Jami: Mir ist in diesem Zusammenhang wichtig zu erwähnen, dass Prof. Hanisch die laparoskopische Chirurgie (Schlüssellochchirurgie) nach Afghanistan brachte. Er zeigte sie mir und meinen Kollegen, wir operierten zusammen. Ich trainierte in der Folge wiederum andere Kollegen in dem Verfahren. Mittlerweile haben wir 20 Kliniken, die diese minimalinvasive Chirurgie anwenden. Das war wirklich ein historischer Fortschritt für unsere Medizin. Für dieses Engagement gehört Prof. Hanisch ein Preis verliehen!
Hanisch: (lacht) Aziz, ich danke Dir, Du schmeichelst mir!
Was war für Sie, Prof. Hanisch, ein besonderer Moment Ihrer Arbeit?
Hanisch: Während meines gestrigen Notarztdienstes traf ich auf eine mehr als 90 Jahre alte Patientin. Wir konnten sie nicht mehr reanimieren. Die Familie erzählte mir, dass sie ein Prof. Hanisch in Herat an der Schilddrüse vor vielen Jahren operiert hatte. Dann meinte ich nur: Ich bin Prof. Hanisch... Das Erstaunen war groß.

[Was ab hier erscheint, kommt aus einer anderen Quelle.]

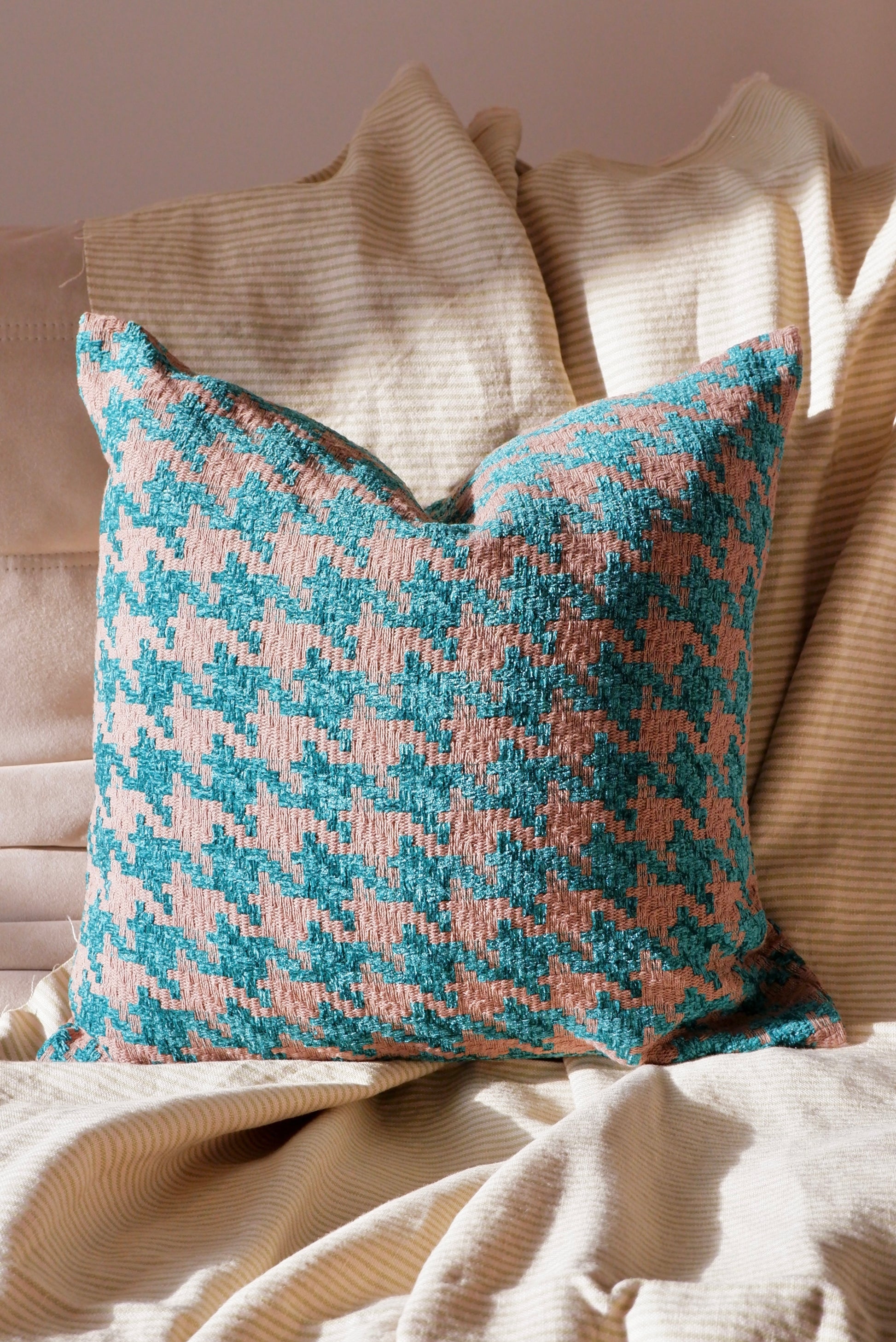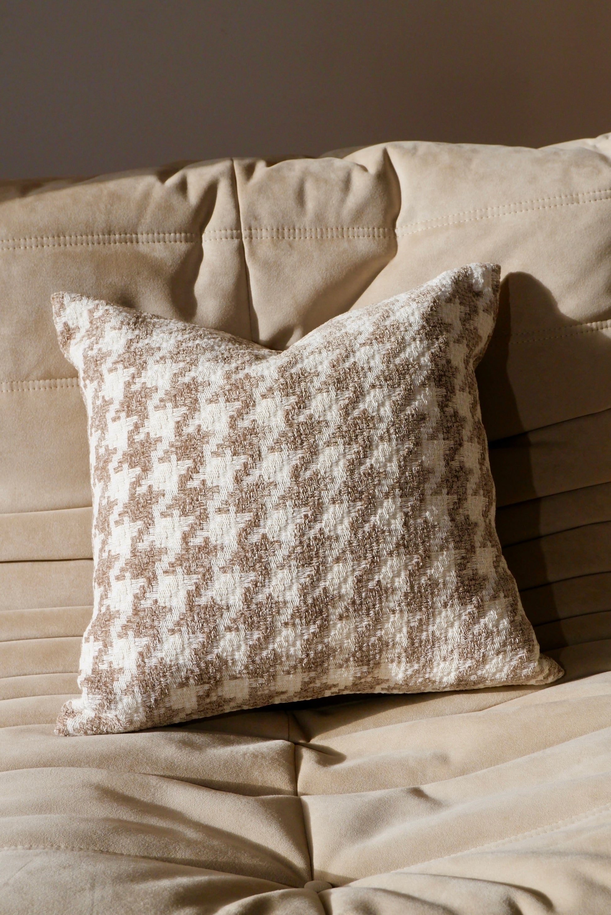The Ferrosa Collection features a distinctive geometric jacquard pattern that balances structure and softness. The intricate weave creates a subtle play of light and shadow across the surface, bringing depth and character to any interior. Its tactile texture and refined tone make it ideal for both contemporary and classic spaces.
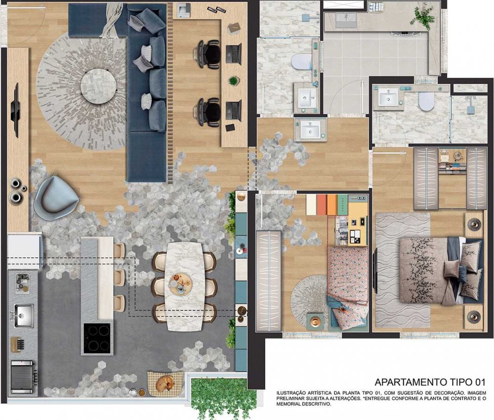 - Opções de 67,72m², 76,66m² e 83,68m²
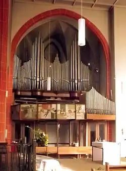 Die elektropneumatische Traktur und die Kegelladen wurden beibehalten, nur das neue Rückpositiv erhielt eine Schleiflade. Aufgrund dieses gemischten Systems, der ungünstigen Aufstellung und mangelnder Qualität des Materials zeigte sich die Orgel im Laufe der Jahre als störungsanfällig, was ständige Reparaturen und Dispositionseingriffe zur Folge hatte.[10] So wurde bei einem der vielen Umbauten das Rückpositiv vom dritten auf das erste Manual verlegt, sowie das Hauptwerk auf das zweite und das Schwellwerk auf das dritte, und die Orgel verfügt aktuell über 33 Register, verteilt auf drei Manuale und Pedal.[11] Außer Windverlust und starker Verschmutzung im Inneren konnten größere Funktionsausfälle bisher im Rahmen gehalten werden und das Instrument befindet sich heute in einem leidlich guten Zustand.[10]
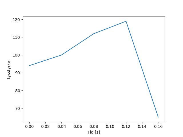 Plottet over viser meteorens høgde over bakken langs dens bane. Hver røde prikk svarer til hvor banen krysser siktelinjene.
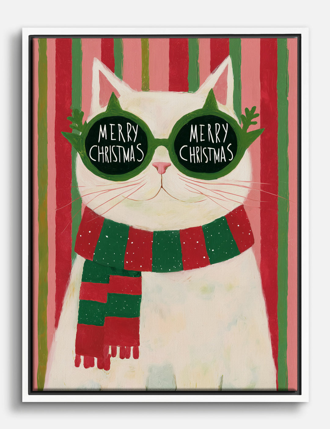 Bold, playful, and full of holiday spirit—this charming cat is ready to take center stage in your home. With its oversized “Merry Christmas” sunglasses and cozy red-and-green striped scarf, it’s impossible not to smile every time you walk by.
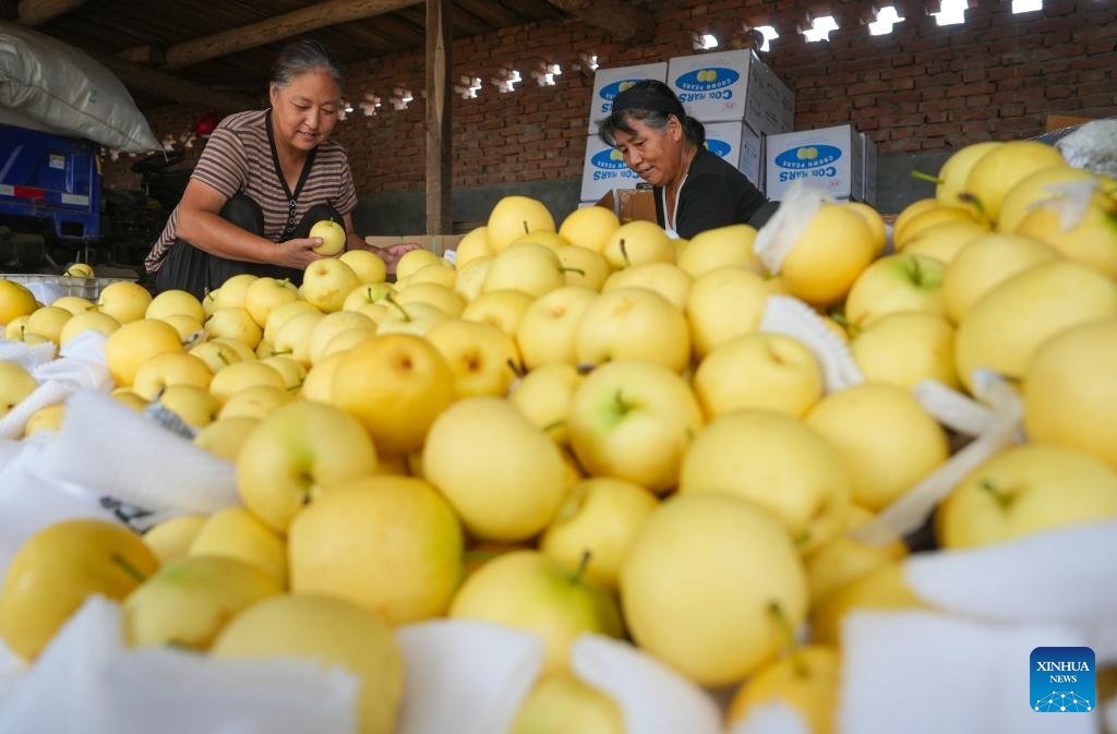 Farmers pack freshly-picked pears in Zhoujiazhuang Village of Jinzhou City, north China's Hebei Province, Aug. 22, 2025. As the Chushu of the solar terms is approaching, farmers across the country are busy working in fields. (Photo by Liang Zidong/Xinhua)
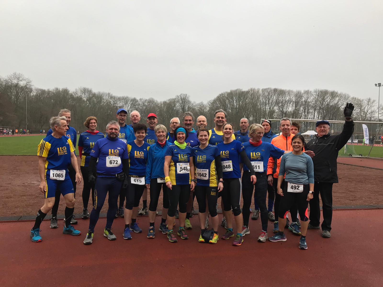Trotz einiger Absagen wegen Krankheit war eine enorme Anzahl LLG´ler angetreten um die 10 Kilometerstrecke beim Silvesterlauf am Sportpark Höhenberg unter die Füße zu nehmen. Mit Temperaturen um 10 Grad und leichter Luftfeuchtigkeit waren die äußeren Bedingungen gut.
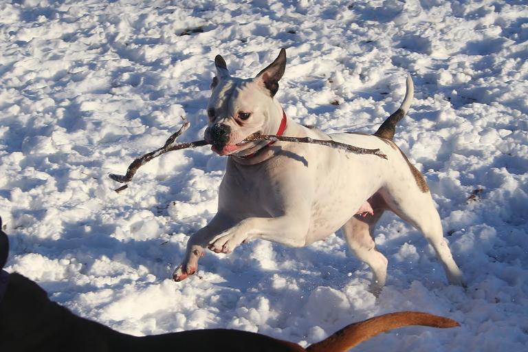 Keywords: american bulldog playing snow canine dog adorable stick pet domestic trained running
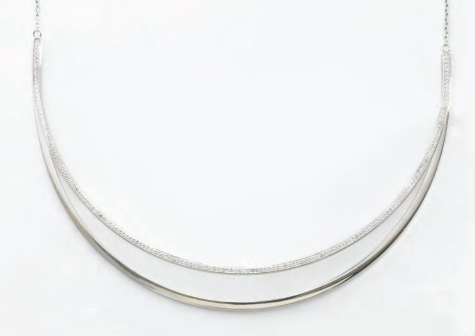 Victoria Ezüst színű fehér köves félhold nyaklánc
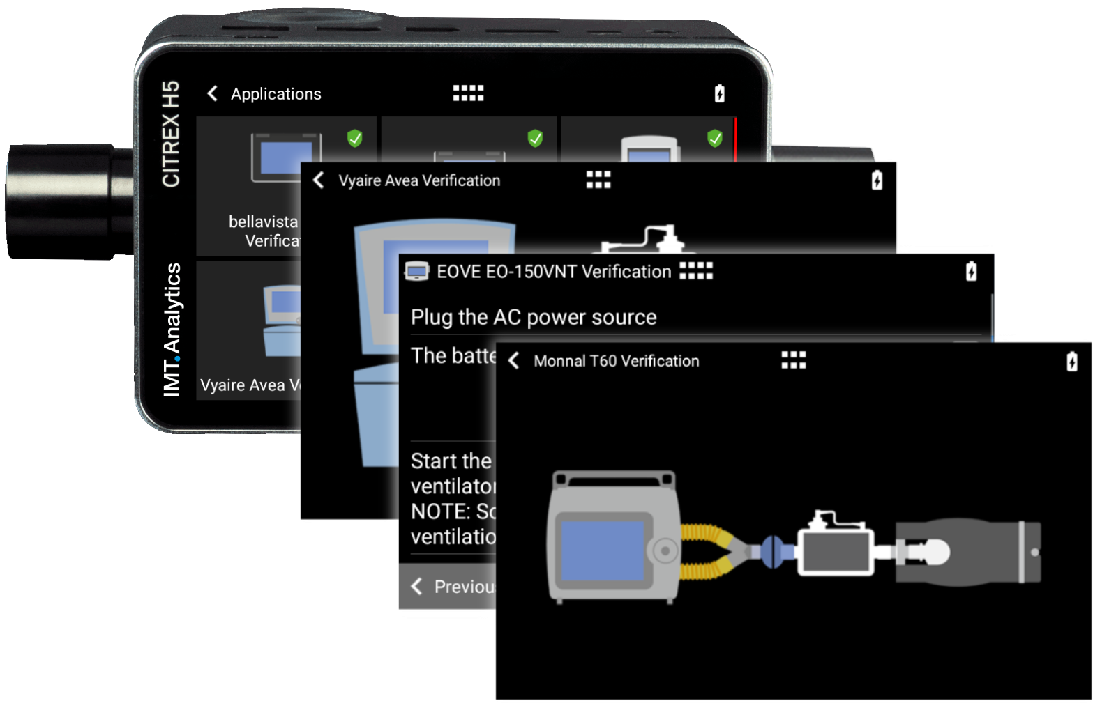 CITREX H5 旨在支持您在各种日常应用中的需求。凭借其精确性和可靠性,您可以使用 CITREX H5 测试各种医疗设备,如呼吸和麻醉设备、氧气流量计、压力表和吸引设备。
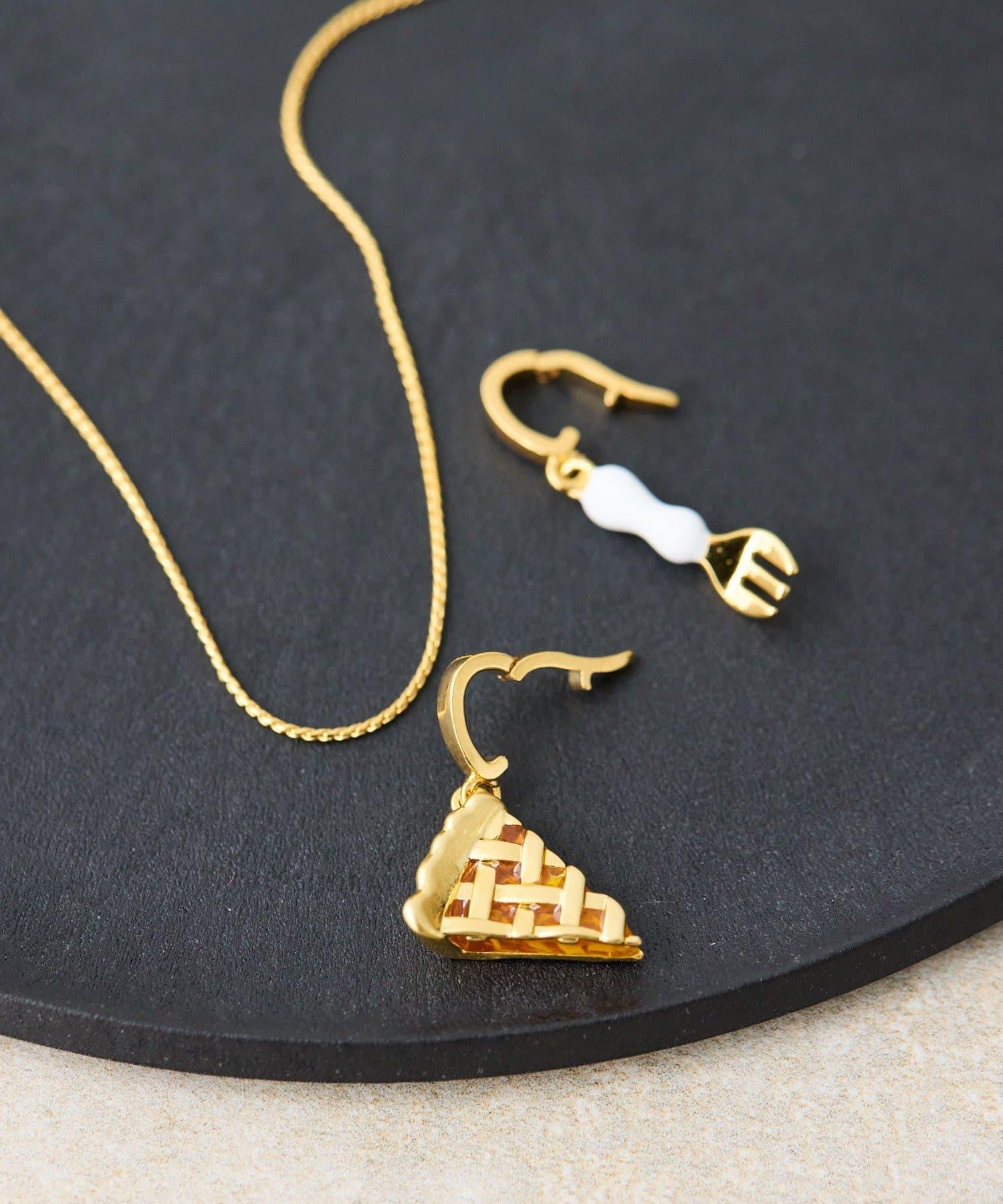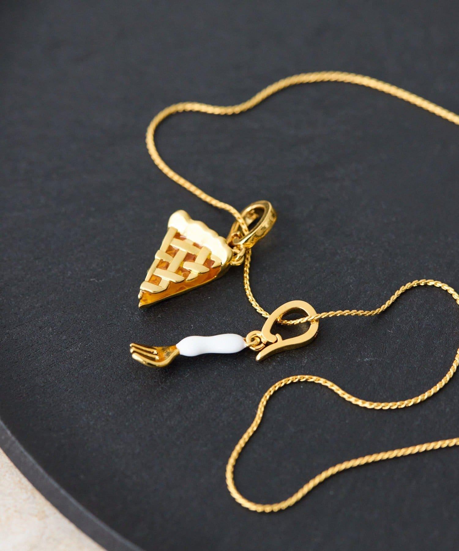 吊墜頂部是一個造型美味的蘋果派和叉子,光是看著就讓人心跳加速。

Wie haben Sie die Wochen der Machtübernahme der Taliban im Jahr 2021 erlebt?
Hanisch: Ich konnte es gar nicht glauben, dass sie so schnell die Macht erlangen. Auch viele meiner afghanischen Freunde konnten es nicht glauben. Ich war zu dieser Zeit hier in Deutschland und war natürlich besorgt über meine Kolleginnen und Kollegen und Freunde vor Ort.
Jami: Niemand konnte zuerst glauben, dass die afghanische Regierung so schnell kollabiert. Viele Menschen, gerade gut ausgebildete, haben zu dieser Zeit das Land verlassen. Viele hatten Angst und es herrschte natürlich große Unsicherheit, wie es auch mit dem Brustkrebszentrum weitergeht. Aber die Lage hat sich mit der Zeit stabilisiert.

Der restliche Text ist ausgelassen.